Problem to work on: Every entry below should be transcribed exactly; pictures stay out of the copy.

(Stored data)
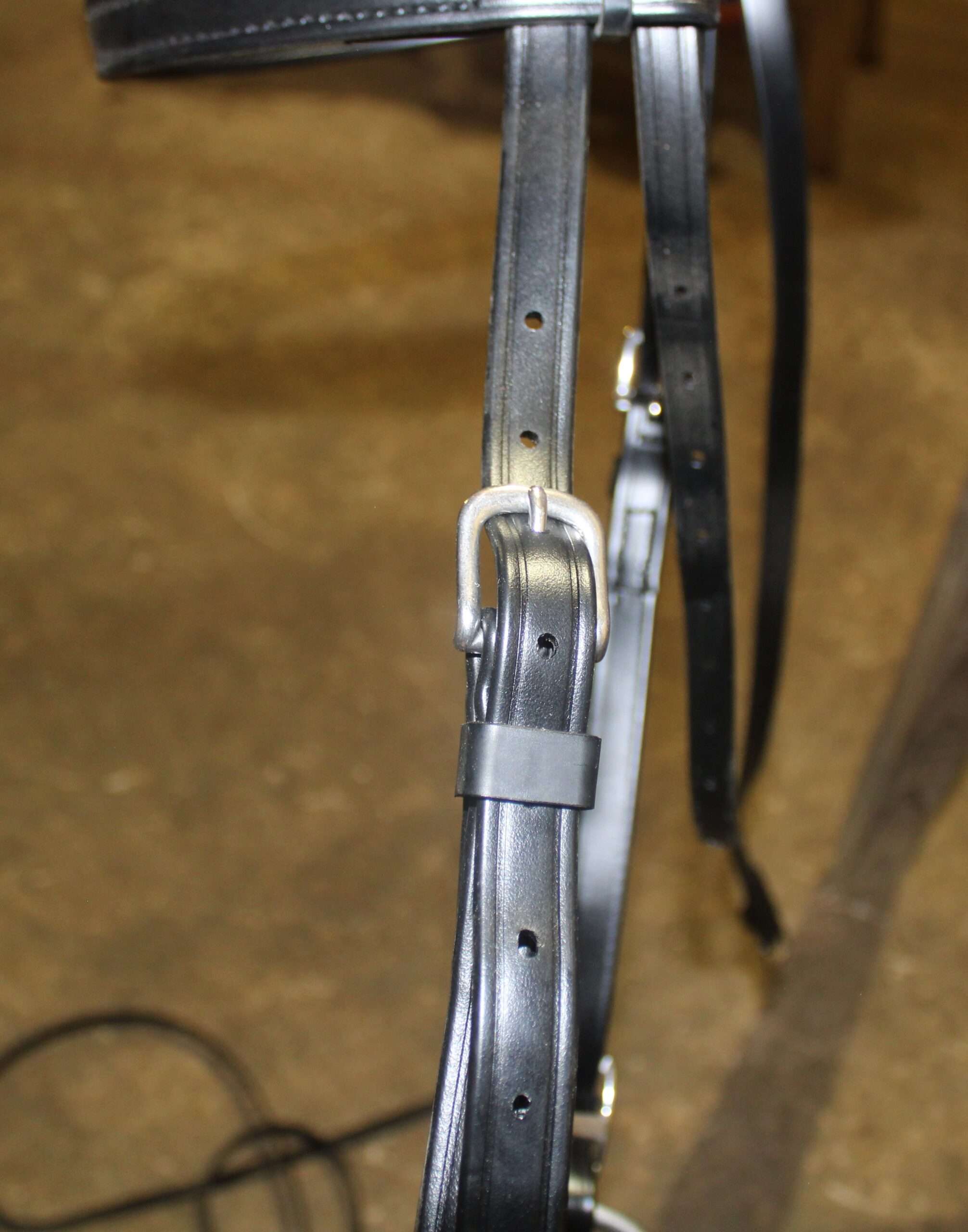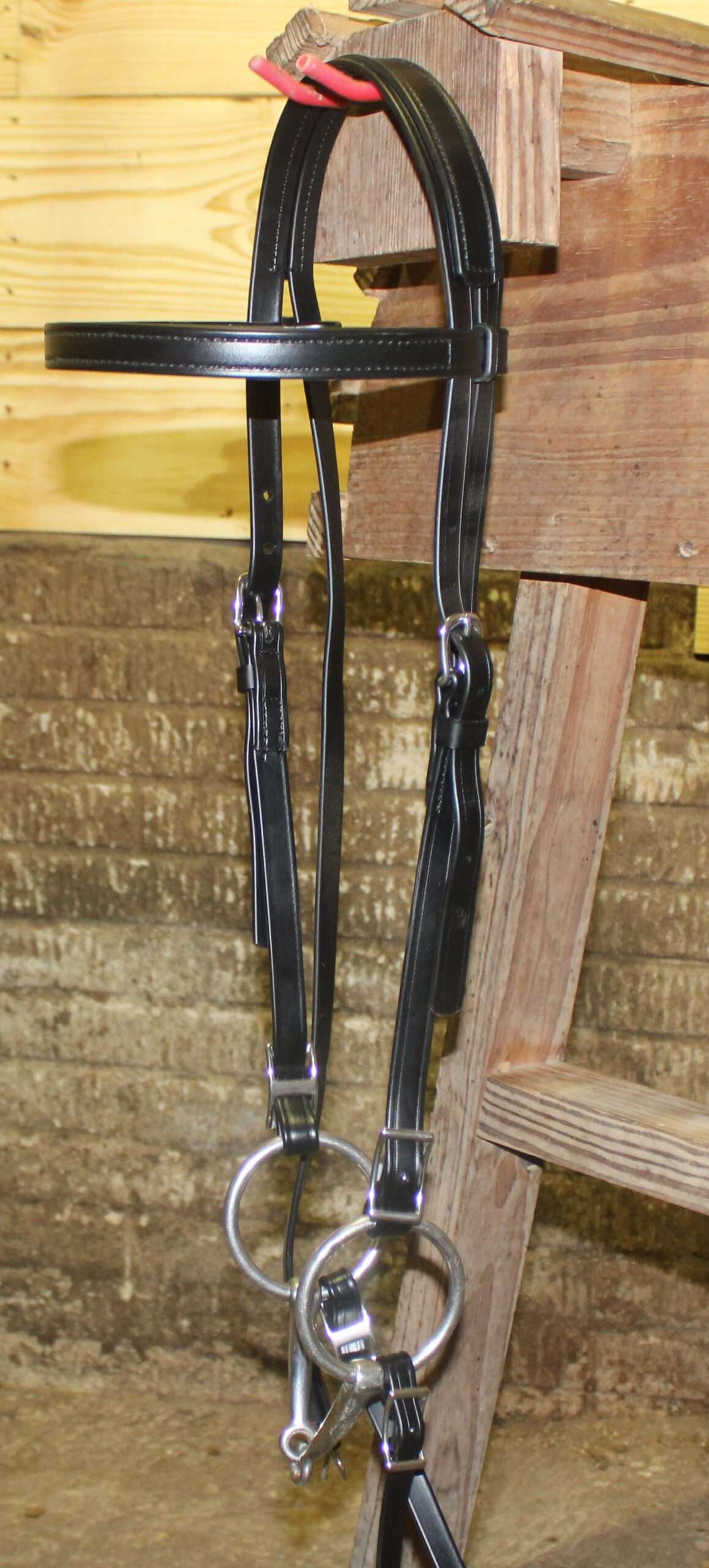 Here's a very comfortable draft bridle. It is very light for the horse to wear and keeps him comfortable even if your riding on a hot day.
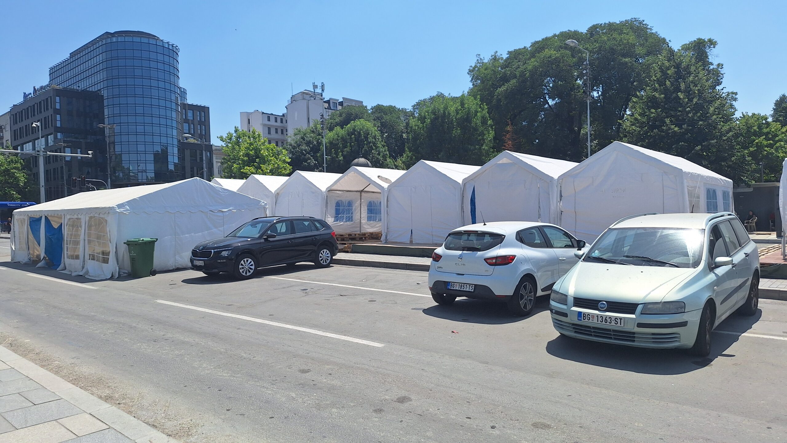Bitna promena u odnosu na prošli put kad smo izveštavali o ovoj temi jeste što je konačno moguće proći vozilom između šatora, premda je ulica i dalje blokirana, a radnici javnih preduzeća i dalje vrše radove na stazi ispred Pionirskog parka i Dečanskoj ulici ispred Istorijskog muzeja Srbije.
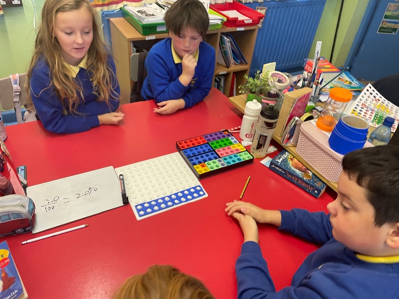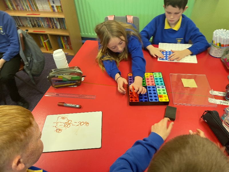 We used Numicon explore this connection between percentages and fractions today in maths. We had to use the numicon to cover a certain percentage of the baseboard, then we had to work together to write it as a fraction in its simplest form. We learnt that fractions are ALWAYS measured out of 100, and this helped us when we were working to simplify fractions!
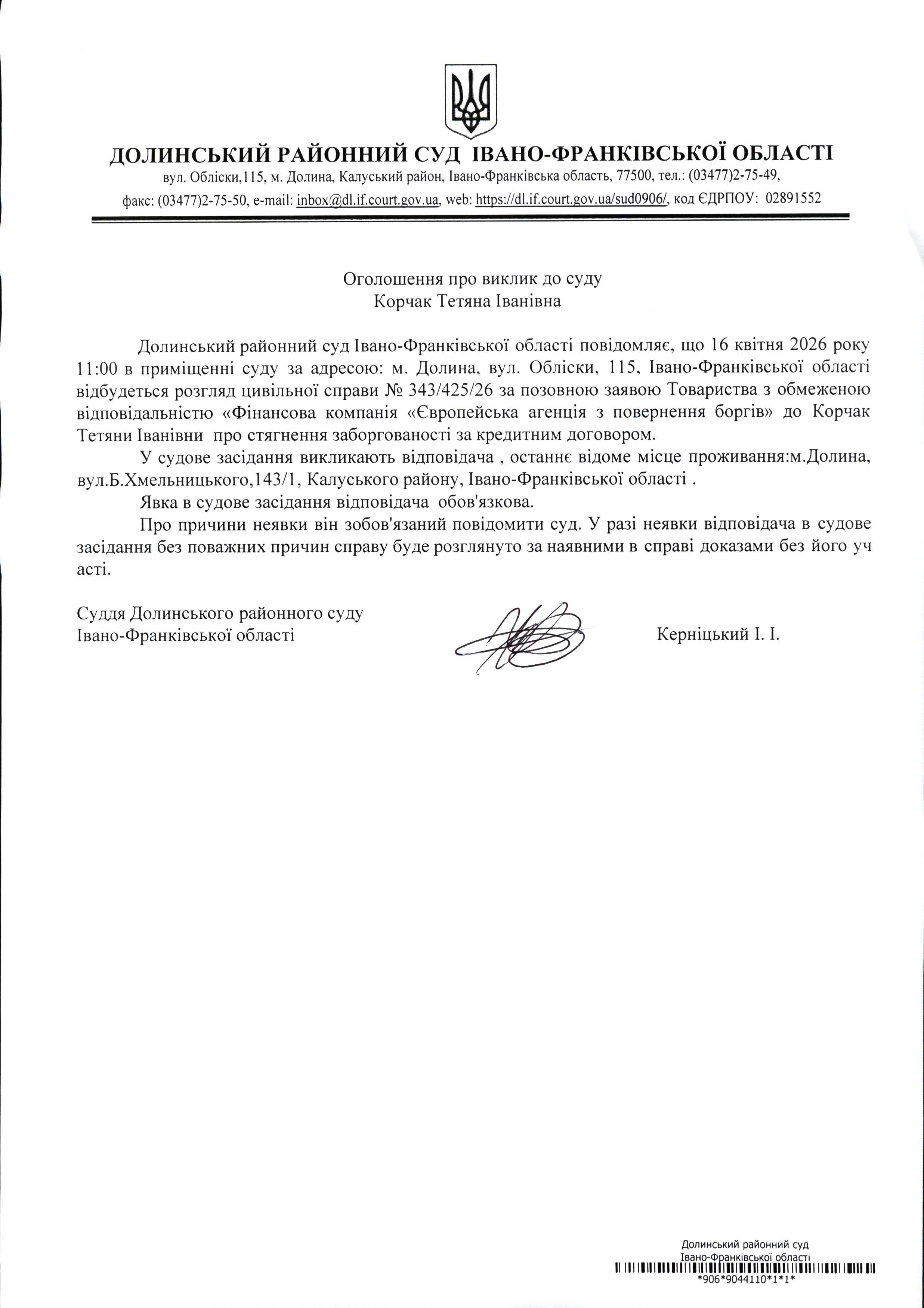 ОГОЛОШЕННЯ ПРО ВИКЛИК до СУДУ Корчак Тетяни Іванівни у цивільній справі № 343/425/26
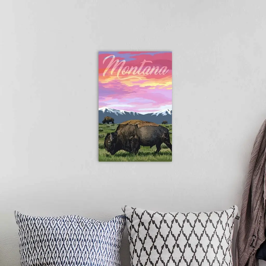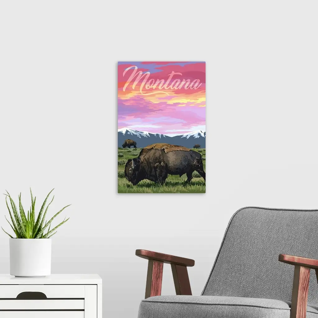 Montana - Bison & Sunset - Large Script wall art for home and office decor. Discover canvas art prints, photos, mural, big canvas art and framed wall art in GreatBigCanvas.com's varied collections.

Response area:
 Here's a very comfortable draft bridle. It is very light for the horse to wear and keeps him comfortable even if your riding on a hot day.
Bitna promena u odnosu na prošli put kad smo izveštavali o ovoj temi jeste što je konačno moguće proći vozilom između šatora, premda je ulica i dalje blokirana, a radnici javnih preduzeća i dalje vrše radove na stazi ispred Pionirskog parka i Dečanskoj ulici ispred Istorijskog muzeja Srbije.
 We used Numicon explore this connection between percentages and fractions today in maths. We had to use the numicon to cover a certain percentage of the baseboard, then we had to work together to write it as a fraction in its simplest form. We learnt that fractions are ALWAYS measured out of 100, and this helped us when we were working to simplify fractions!
 ОГОЛОШЕННЯ ПРО ВИКЛИК до СУДУ Корчак Тетяни Іванівни у цивільній справі № 343/425/26
 Montana - Bison & Sunset - Large Script wall art for home and office decor. Discover canvas art prints, photos, mural, big canvas art and framed wall art in GreatBigCanvas.com's varied collections.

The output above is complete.